When clients leave the counter, they are greeted by an atmosphere that signals that their transaction is not yet complete, but rather extends to the consumption experience. This is conveyed not just by the comfy seats provided, such as the sofas, but also by the absence of pressure to abandon it. It’s clear to see how the second-wave coffee house strove to establish itself as a center for community interactions by providing amenities like newspapers (reminiscent of Vienna), clean and well-equipped toilets, and child-friendly rules (not least the lack of alcohol).
Specialty Coffee Success in the United States
The irony is that only a small percentage of coffee shop patrons enjoy the experience in this way. “Starbucks is so sociable,” said one marketing firm that conducted a consumer focus group for the company in Los Angeles in the early 1990s. We go to Starbucks because we want to be sociable,” yet when the company studied the locations, it discovered that only around 10% of consumers ever spoke to anyone (Schultz and Yang, 1997, p. 121).
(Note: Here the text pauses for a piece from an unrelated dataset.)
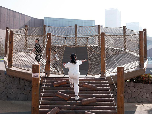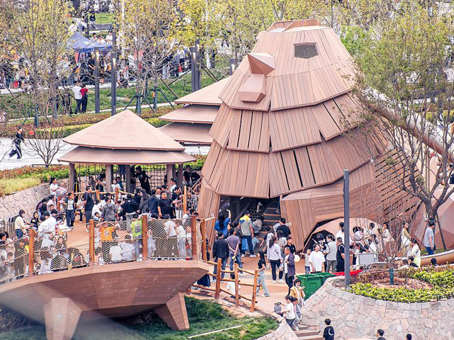 Drawing inspiration from Handan's distinct historical symbols, the design team incorporated elements such as round-topped wooden huts, domestic chickens, millet, and walnuts into children's activity facilities, reflecting the primitive tribal lifestyle of Cishan 8,000 years ago. The use of natural materials, including raw woods, wood-plastic composites, and stones, preserves the features of primitive dwellings and allows children to feel as if they have traveled back to an ancient tribe while playing.

According to research performed in Starbucks in the mid-2000s, customers sitting alone filled 65 percent of all tables. Indeed, the corporation set out its stores to accommodate these clients, employing circular tables rather than square tables since they are less formal, have no “empty” seats, and seem less secluded from the rest of the public, even if they inhibit strangers from sitting together and conversing (Simon, 2009, pp.105e108).
Rather of fleeing the workplace, many consumers bring it with them in the form of laptops, mobile phones, and other gadgets, whose use of the digital revolution has resulted in the decentralization of labor in recent decades. It’s easy to dismiss the coffee shop as only providing a safe emulation of old-style coffee shops, where people can watch rather than engage in communal life.
The $2 cappuccino may have looked to be an inexpensive luxury, but the premium over standard restaurant coffee made it seem more like Marx’s “bourgeois universalism,” which is an ostensibly democratic experience with an exclusive cover price that limited it to the middle classes.
Similarly, the claimed authenticity of the beverages bears little scrutiny once they have been transformed into more consumer-friendly forms. Tastes, Rituals, and Waves Chapter j 19 479 the American customer uses not just syrups but also size to sweeten the proposals, to the point that a Starbucks “long” cappuccino, the smallest usually offered, costs twice as much as a basic Italian version.
Such criticisms, however, overlook the fact that the second-wave chains were successful in changing Americans’ coffee drinking habits by restructuring a consumption experience using a variety of cultural reference points. They did so not by increasing overall coffee consumption per capita, but by persuading them that drinking gourmet coffee justified paying a premium price.
And, as the conversion of non-specialist operators such as Dunkin Donuts and McDonald’s to offering cappuccino and latte in the mid-2000s proved, that view has progressively percolated democratically across society (Baker, 2013, p. 317). Italian-style coffee drinks have now been ingrained in the American coffee culture.